School of Public Health to honor its 'heroes'
Annual recognition event for those who protect the public's health
26 February 2009
BERKELEY — On Wednesday, March 18, the School of Public Health (SPH) will honor three individuals and one organization at its 13th annual Public Health Heroes Awards ceremony, to be held at the Yerba Buena Center for the Arts in San Francisco.
Presenters — including Ed Penhoet, a co-founder of Chiron Corp. and a former dean of SPH — will support the school in its annual recognition of innovative leaders who have made meaningful contributions to the protection and promotion of the public’s health. For information about the Public Health Heroes Awards ceremony, visit www.publichealthheroes.org.
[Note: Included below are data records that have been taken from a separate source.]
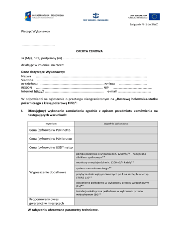 Załącznik Nr 1 do SIWZ Pieczęć Wykonawcy ..................................... OFERTA CENOWA Ja (My), niżej podpisany (ni) …………………………………………………………………. ...................... działając w imieniu i na rzecz: Dane dotyczące Wykonawcy: Nazwa ........................................................................................................................... Siedziba .......................................................................................................................... nr telefonu ....................................................................... nr faxu ............................... REGON .......................................................................... NIP ………………………………………… Internet http:// ................................................................. e-mail ……………………………..…. W odpowiedzi na ogłoszenie o przetargu nieograniczonym na „Dostawę holownika-statku pożarniczego z klasą pożarową FiFi1”: I. Oferuję(my) wykonanie zamówienia zgodnie z opisem przedmiotu zamówienia na następujących warunkach: Kryterium Wypełnia Wykonawca Cena (cyfrowo) w PLN netto Cena (cyfrowo) w PLN brutto Cena (cyfrowo) w USD* netto pompa pożarowa o wydatku min. 1200m3/h - napędzana silnikiem spalinowym** monitory o wydajności min. 1200m3/h każdy** system zraszania wodnego** Wyposażenie dodatkowe przyłącza stałe węży pożarniczych po 4 na każdej burcie typ STORZ 110** oświetlenie pokładowe w wykonaniu przeciw wybuchowym (Ex)** instalacja elektryczna pokładowa w wykonaniu przeciw wybuchowym (Ex)** Proponowany okres gwarancji w miesiącach W załączeniu oferowane parametry techniczne. Załącznik Nr 1 do SIWZ * W przypadku, gdy kwota w złożonej przez Wykonawcę ofercie, wyrażona będzie w walucie innej niż PLN Zamawiający w celu porównania ofert dokona przeliczenia wartości tej kwoty z walut obcych na PLN przy zastosowaniu średniego kursu NBP z dnia publikacji ogłoszenia o zamówieniu w Dzienniku Urzędowym Unii Europejskiej. ** Wykreślić sprzęt, którego Wykonawca nie oferuje ! II. Oświadczam(my), że powierzę(my) do wykonania podwykonawcom następujące części zamówienia: ………………………………………………………………………………………………………………………………………. (w razie braku wskazania, Zamawiający uznaje, że Wykonawca nie zamierza powierzyć żadnej części zamówienia podwykonawcom) III. Oświadczamy, że żądamy / nie żądamy*** by w zakresie nieuregulowanym umową zastosowanie miało prawo angielskie. (niewykonanie odpowiedniego skreślenia w tym punkcie oznacza, że przyjmuję/emy warunki postawione przez Zamawiającego w siwz i nie zamierzam/my zaproponować odmiennych) IV. Oświadczam(y), iż przedmiot zamówienia zrealizuję(my) w terminie określonym w siwz. V. Oświadczam(y), że jestem(śmy) związany(ni) niniejszą ofertą przez okres 60 dni od upływu terminu składania ofert. VI. Pod groźbą odpowiedzialności karnej oświadczam(y), że załączone do oferty dokumenty opisują stan prawny i faktyczny, aktualny na dzień złożenia ofert (art.270 i 297 k. k.). VII. Oświadczam(y), że oferta nie zawiera informacji stanowiących / zawiera informacje stanowiące*** tajemnicę przedsiębiorstwa w rozumieniu art. 11 ust. 4 ustawy z dnia 16 kwietnia 1993r. o zwalczaniu nieuczciwej konkurencji. Informacje takie zawarte są w następujących dokumentach: ………………………………………………………………………………………………………………………………………… ………………………………………………………………………………………………………………………………………… ……………………………………………………………………………………………………………………………………….. ………………………………………………………………………………………………………………………………………… ………………………………………………………………………………………………………………………………………… ……………………………………………………………………………………………………………………………………….. ………………………………………………………………………………………………………………………………………… W dokumentach dołączonych do oferty wykazane zostało, iż zastrzeżone informacje stanowią tajemnicę przedsiębiorstwa*** VIII. Oświadczam(y), że żądamy / nie żądamy*** załączenia do umowy angielskiego brzmienia umowy zgodnie z § 8 ust. 5 załącznika nr 6 do SIWZ. (niewykonanie odpowiedniego skreślenia w tym punkcie oznacza, że przyjmuję/emy warunki postawione przez Zamawiającego w siwz i nie zamierzam/my zaproponować odmiennych) IX. Informuje(my), że wybór oferty będzie / nie będzie*** prowadził do powstania u Zamawiającego obowiązku podatkowego. Załącznik Nr 1 do SIWZ Nazwa (rodzaj) towaru lub usługi, których dostawa lub świadczenie będzie prowadzić do powstania obowiązku podatkowego u Zamawiającego: ……………………………………………………………………………………………………………………………………….. ……………………………………………………………………………………………………………………………………….. ……………………………………………………………………………………………………………………………………….. Ich wartość bez podatku: ……………………………………………………………………………………
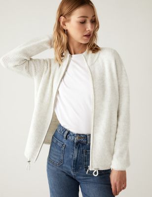 Stay warm during the colder months with this zip-through cardigan in a cosy rib knit. It's designed in a regular fit, with added stretch for maximum comfort. The toggle waist and ribbed trims help lock out the cold, while handy pockets at the sides are ideal for carrying your essentials. Made with recycled polyester.n M&S Collection: easy-to-wear wardrobe staples that combine classic and contemporary styles.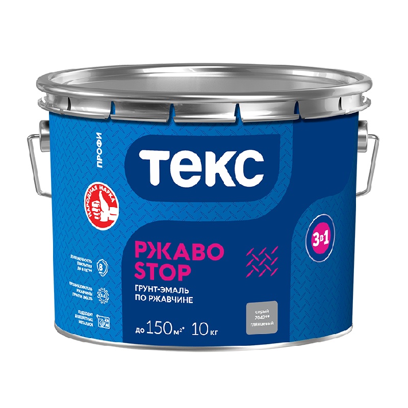 Грунт-эмаль по ржавчине Текс РжавоStop серый (10 кг)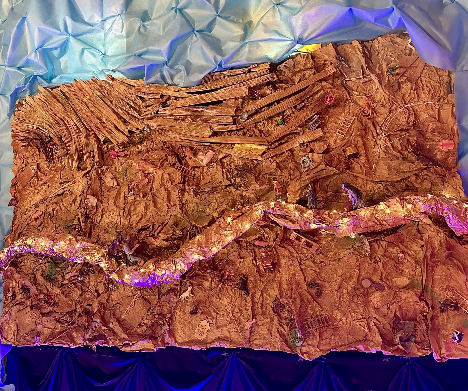 El segundo espacio conmemora el desastre natural sufrido en Valencia, cuyo primer aniversario se celebró recientemente. Quedan preguntas, como siempre quedan. Y el agua aparece aquí con toda su fuerza simbólica: signo de muerte y vida para los cristianos.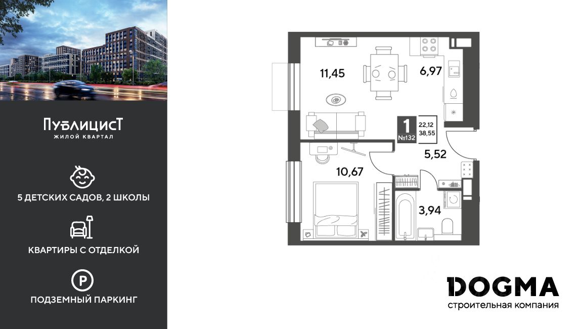 Кopпуc 10. Срoк сдaчи: 2 кв. 2027, oбщeй плoщaдью 38.55 кв.м., на 7 этаже.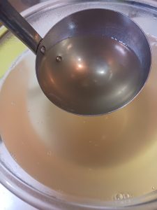 その後、約1時間で火を止め、漉したスープが冒頭の画像です。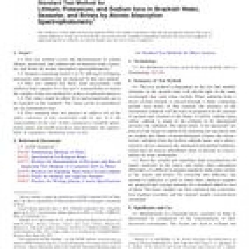 Standard Test Method for Lithium, Potassium, and Sodium Ions in Brackish Water, Seawater, and Brines by Atomic Absorption Spectrophotometrystandard by ASTM International, 09/01/2011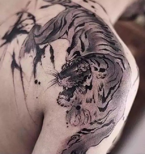 男性们都喜欢这样帅气的凶猛的老虎纹身图案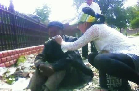 走到公司门口一个捡垃圾的老人身边,把10元钱送给了老人。
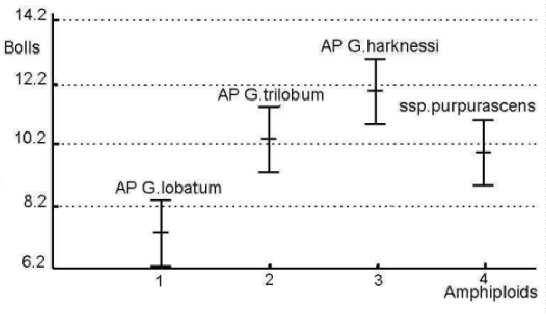 When crossed with tester varieties, the form AP G.lobatum reliably redused plant yield, if compared to other wild forms, while the form ssp.purpurascens reliably had a strong increasing effect on the character. The effect is thanks to the largest size of the boll conveyed by ssp.purpurascens to the hybrids with tester varieties.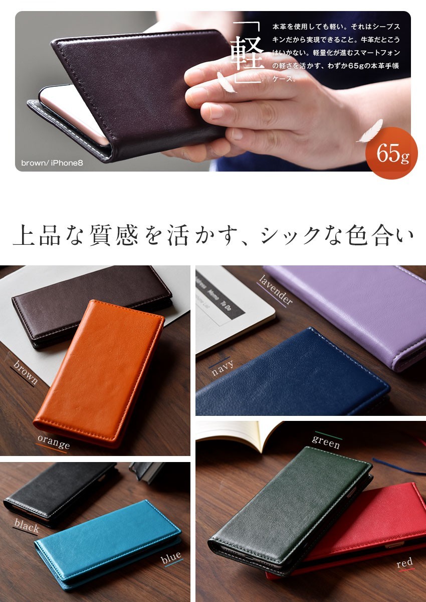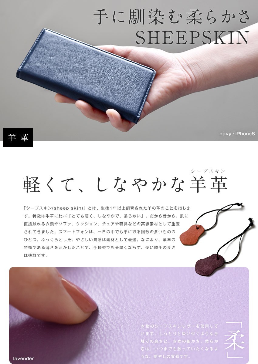 羊革(シープスキン) 本革手帳型スマホケース
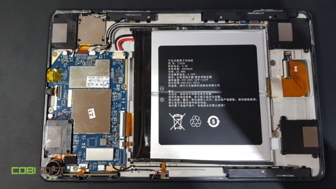 태블릿 모델답게 내부가 약간 빈약해 보이며 사진상 왼쪽에 메인보드, 중앙에 배터리, 각 코너에 스피커가 위치합니다.

International Hero: Paul Farmer
Medical anthropologist and physician Paul Farmer is being honored for his dedication to treating some of the world’s most impoverished populations and raising the standard of healthcare in poor areas of the world. Farmer is the Maude and Lillian Presley Professor in the Department of Global Health and Social Medicine at Harvard Medical School and a founding director of the international nonprofit organization Partners in Health. He is an attending physician in infectious diseases and associate chief of the Division of Global Health Equity at Brigham and Women’s Hospital in Boston. Farmer and colleagues have pioneered novel, community-based treatment strategies for AIDS and tuberculosis and have successfully challenged the policymakers and critics who claim that quality healthcare is impossible to deliver in resource-poor settings.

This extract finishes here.